-------- Data

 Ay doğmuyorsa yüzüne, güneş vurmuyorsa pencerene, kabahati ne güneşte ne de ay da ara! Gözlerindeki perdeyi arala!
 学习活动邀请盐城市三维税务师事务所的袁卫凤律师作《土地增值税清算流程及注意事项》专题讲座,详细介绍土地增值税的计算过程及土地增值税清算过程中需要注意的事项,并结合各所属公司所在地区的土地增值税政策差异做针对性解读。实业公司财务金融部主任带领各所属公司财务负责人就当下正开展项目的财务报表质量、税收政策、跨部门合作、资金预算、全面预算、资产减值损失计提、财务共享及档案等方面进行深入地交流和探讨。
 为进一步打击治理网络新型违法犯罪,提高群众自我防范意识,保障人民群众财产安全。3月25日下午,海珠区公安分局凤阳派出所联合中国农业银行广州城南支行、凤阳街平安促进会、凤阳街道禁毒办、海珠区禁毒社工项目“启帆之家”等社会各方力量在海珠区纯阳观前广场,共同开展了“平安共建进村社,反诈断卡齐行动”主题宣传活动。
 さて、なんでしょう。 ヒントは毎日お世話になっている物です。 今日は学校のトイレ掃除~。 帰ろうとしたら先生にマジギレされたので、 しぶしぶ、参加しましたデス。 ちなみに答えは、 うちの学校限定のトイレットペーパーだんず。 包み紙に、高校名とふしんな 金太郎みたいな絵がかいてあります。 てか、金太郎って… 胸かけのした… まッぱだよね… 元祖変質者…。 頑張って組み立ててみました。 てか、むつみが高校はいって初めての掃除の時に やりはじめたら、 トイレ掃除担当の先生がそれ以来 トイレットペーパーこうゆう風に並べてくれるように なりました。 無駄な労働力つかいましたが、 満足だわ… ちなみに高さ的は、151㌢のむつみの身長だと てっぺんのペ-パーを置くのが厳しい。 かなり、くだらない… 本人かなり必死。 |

----------------

Exercise goal >> Your task is to output the material above exactly.

Answer area >>
 Ay doğmuyorsa yüzüne, güneş vurmuyorsa pencerene, kabahati ne güneşte ne de ay da ara! Gözlerindeki perdeyi arala!
 学习活动邀请盐城市三维税务师事务所的袁卫凤律师作《土地增值税清算流程及注意事项》专题讲座,详细介绍土地增值税的计算过程及土地增值税清算过程中需要注意的事项,并结合各所属公司所在地区的土地增值税政策差异做针对性解读。实业公司财务金融部主任带领各所属公司财务负责人就当下正开展项目的财务报表质量、税收政策、跨部门合作、资金预算、全面预算、资产减值损失计提、财务共享及档案等方面进行深入地交流和探讨。
 为进一步打击治理网络新型违法犯罪,提高群众自我防范意识,保障人民群众财产安全。3月25日下午,海珠区公安分局凤阳派出所联合中国农业银行广州城南支行、凤阳街平安促进会、凤阳街道禁毒办、海珠区禁毒社工项目“启帆之家”等社会各方力量在海珠区纯阳观前广场,共同开展了“平安共建进村社,反诈断卡齐行动”主题宣传活动。
 さて、なんでしょう。 ヒントは毎日お世話になっている物です。 今日は学校のトイレ掃除~。 帰ろうとしたら先生にマジギレされたので、 しぶしぶ、参加しましたデス。 ちなみに答えは、 うちの学校限定のトイレットペーパーだんず。 包み紙に、高校名とふしんな 金太郎みたいな絵がかいてあります。 てか、金太郎って… 胸かけのした… まッぱだよね… 元祖変質者…。 頑張って組み立ててみました。 てか、むつみが高校はいって初めての掃除の時に やりはじめたら、 トイレ掃除担当の先生がそれ以来 トイレットペーパーこうゆう風に並べてくれるように なりました。 無駄な労働力つかいましたが、 満足だわ… ちなみに高さ的は、151㌢のむつみの身長だと てっぺんのペ-パーを置くのが厳しい。 かなり、くだらない… 本人かなり必死。 |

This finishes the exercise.